┌──

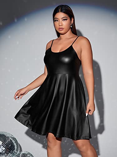 Why Choose WDIRARA Women's Plus Size Spaghetti Strap Pu Leather Flared Hem A Line Cami Dress?
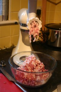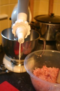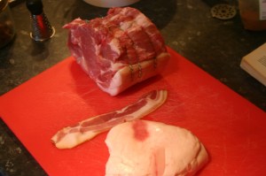 I remember putting off any of the curing for a good while, fearing it slightly, but eventually I had to put my trust in Jane and her instructions. Of course, everything worked. Whenever things went awry, it was due more to my naivety than anything: for example, I used joints that were far too small to poach successfully; luckily I now know to cook as large a piece as possible, and pot what isn’t eaten in the next couple of days. Jane also taught me the importance of aromatics: cures are not simple brines, but they are flavoured with dark brown sugar, juniper, bay, allspice and nutmeg (to name but a few). The only thing I haven’t taken with me is the liberal use of saltpetre. Also going by the name potassium nitrate, saltpetre cures meat well and also gives the meat a nice pink colour, but there are associations with whole a host of diet-based diseases, so these days I miss it out. I don’t mind my bacon being a little less pink.[1]
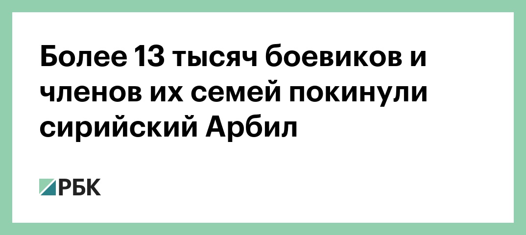 На протяжении всего маршрута их безопасность обеспечивалась сирийской полицией под контролем офицеров российского Центра по примирению и представителей Сирийского Красного полумесяца. Как уточнили в Центре, всего за трое суток из Арбила было выведено более 13 тысяч боевиков и членов их семей.
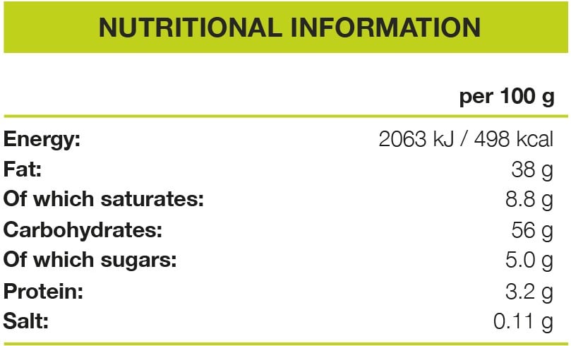 - Innehåll: 13 % hasselnötter, 7 % lågfetts-kakao
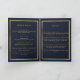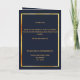 An elegant 4-page program. A dark blue background, a faux gold frame, blue florals and space for your photo on the front. Personalize and add name, dates and your text.
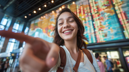 Dynamic image of a traveler exploring a world map filled with different objects, awakening wanderlust. Generative AI
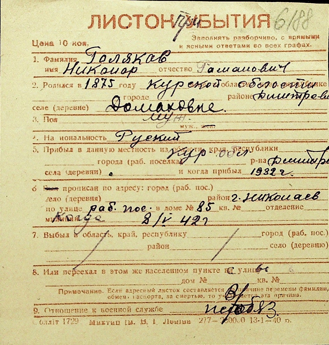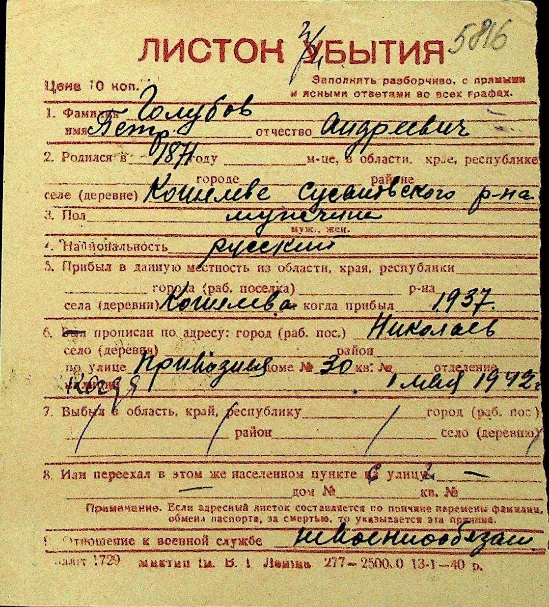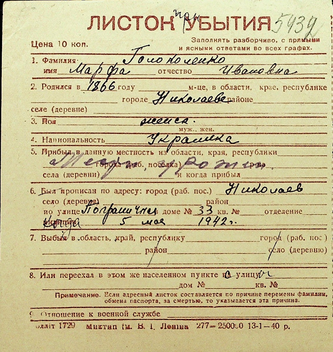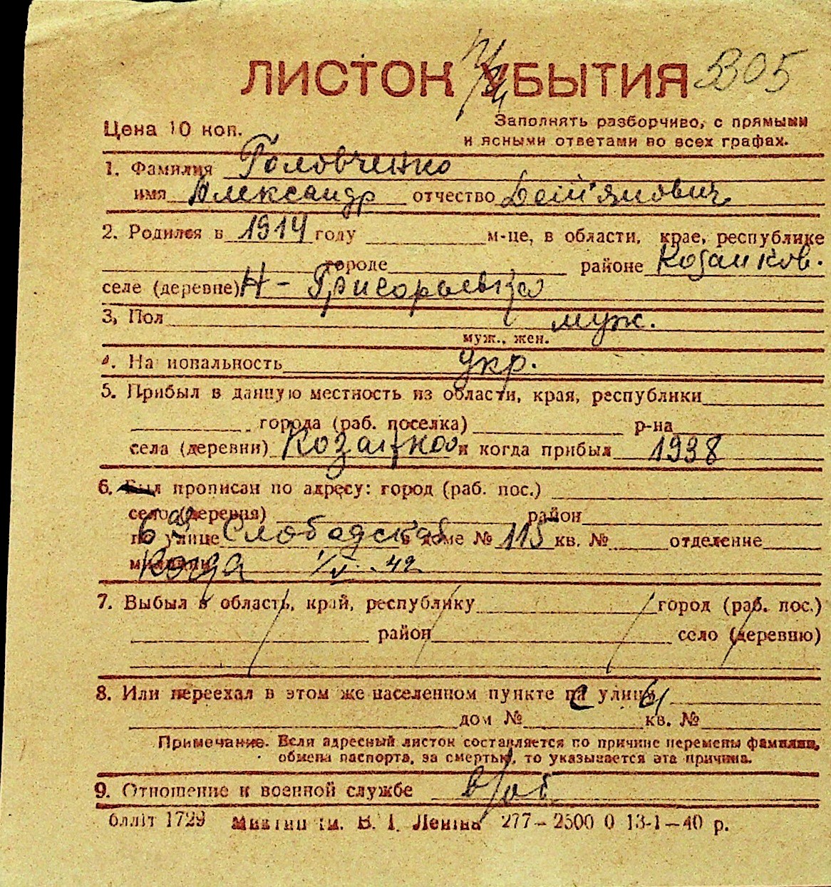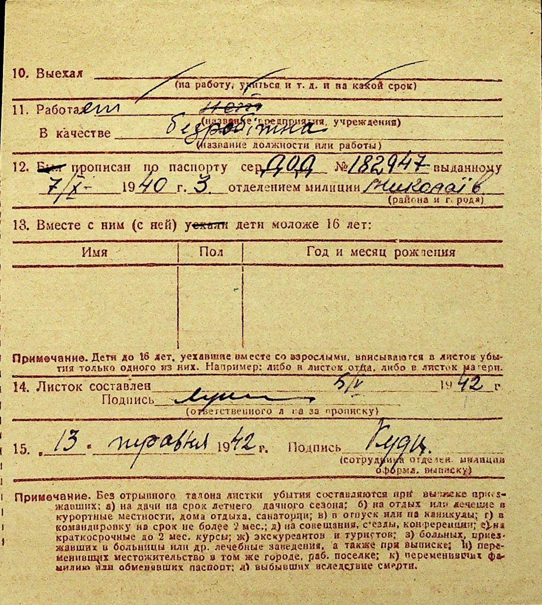 • • Перелік карток до фонду № Н-1016
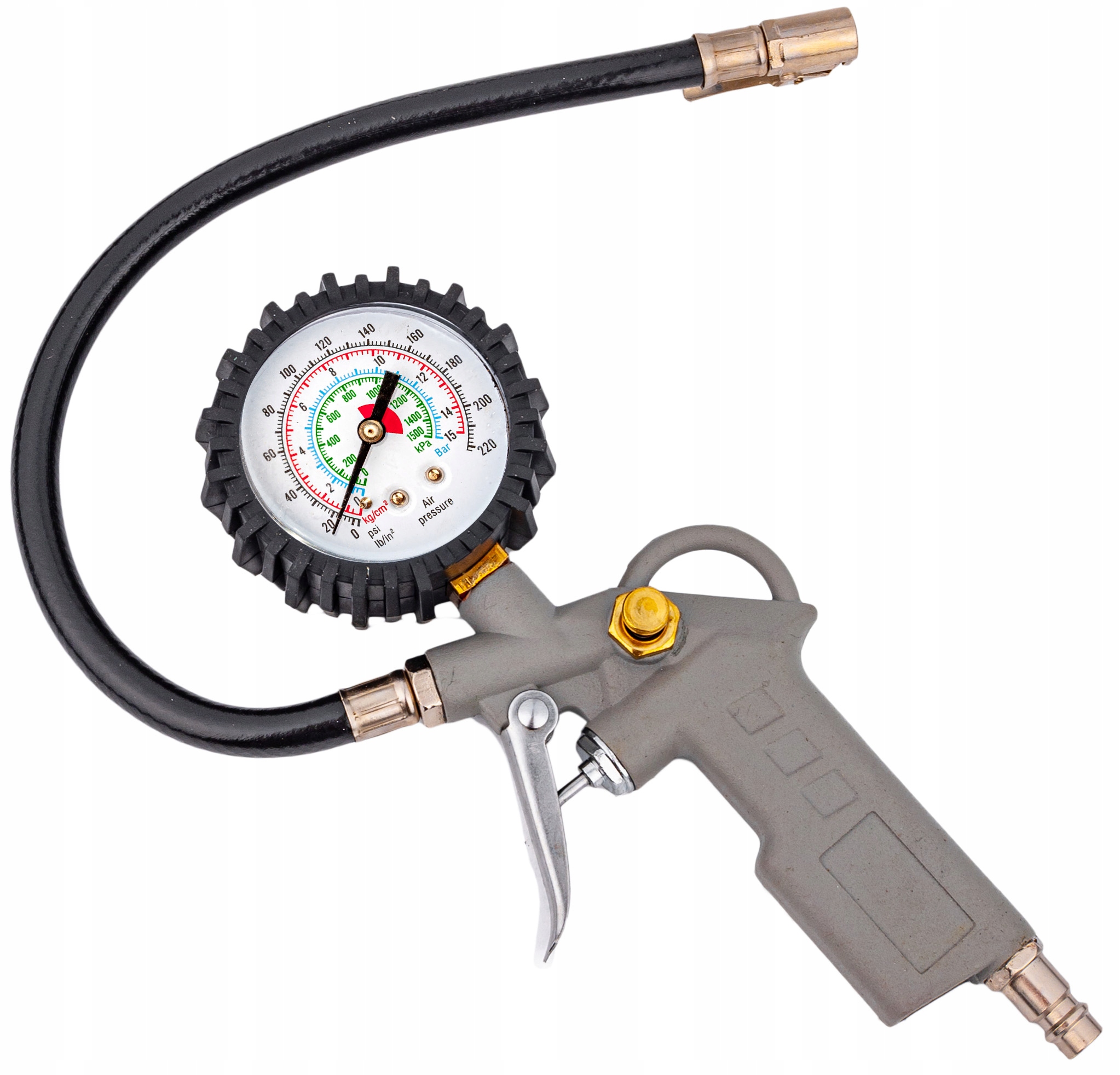 - Пневматичний пістолет для накачування шин із манометром є необхідним інструментом у кожному гаражі.
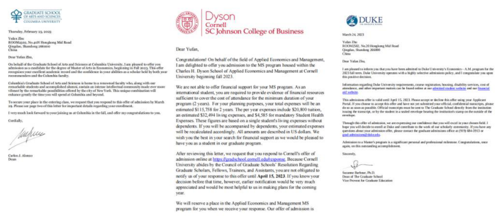 星光不负赶路人,朱昱帆的外语考试都取得了比较理想的成绩,目前她已经收到了哥伦比亚大学、康奈尔大学、杜克大学、乔治城大学、南加州大学和威斯康星大学麦迪逊分校等多所海外名校的offer。
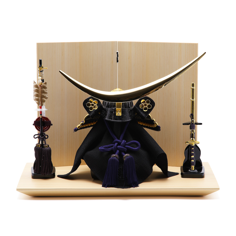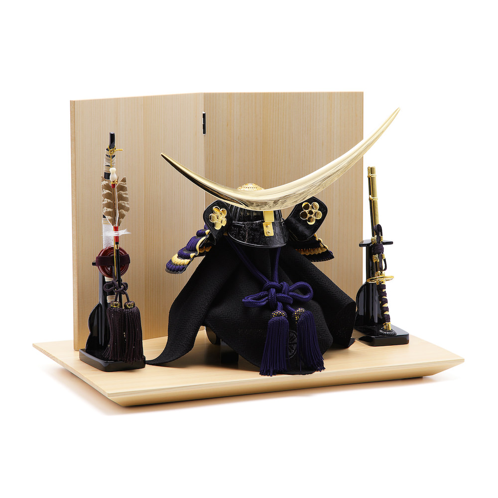 飾り台と屏風は木曽檜で制作した木目が大変美しい国産品。屏風には仕上がりが一定の柾目の素材を使用しシンプルな美しさを実現しました。屏風と飾り台の組み合わせが大変洗練されたスタイリッシュな飾りです。男らしさや逞しさを感じつつもモダンな印象の飾りに仕上げています。

└──

### About this exercise
The result should be a transcript of the lines from the line containing "Dynamic image of" through the end of the listing above, exact, inclusive, and without pictures.

### Answer section
 Dynamic image of a traveler exploring a world map filled with different objects, awakening wanderlust. Generative AI
 • • Перелік карток до фонду № Н-1016
 - Пневматичний пістолет для накачування шин із манометром є необхідним інструментом у кожному гаражі.
 星光不负赶路人,朱昱帆的外语考试都取得了比较理想的成绩,目前她已经收到了哥伦比亚大学、康奈尔大学、杜克大学、乔治城大学、南加州大学和威斯康星大学麦迪逊分校等多所海外名校的offer。
 飾り台と屏風は木曽檜で制作した木目が大変美しい国産品。屏風には仕上がりが一定の柾目の素材を使用しシンプルな美しさを実現しました。屏風と飾り台の組み合わせが大変洗練されたスタイリッシュな飾りです。男らしさや逞しさを感じつつもモダンな印象の飾りに仕上げています。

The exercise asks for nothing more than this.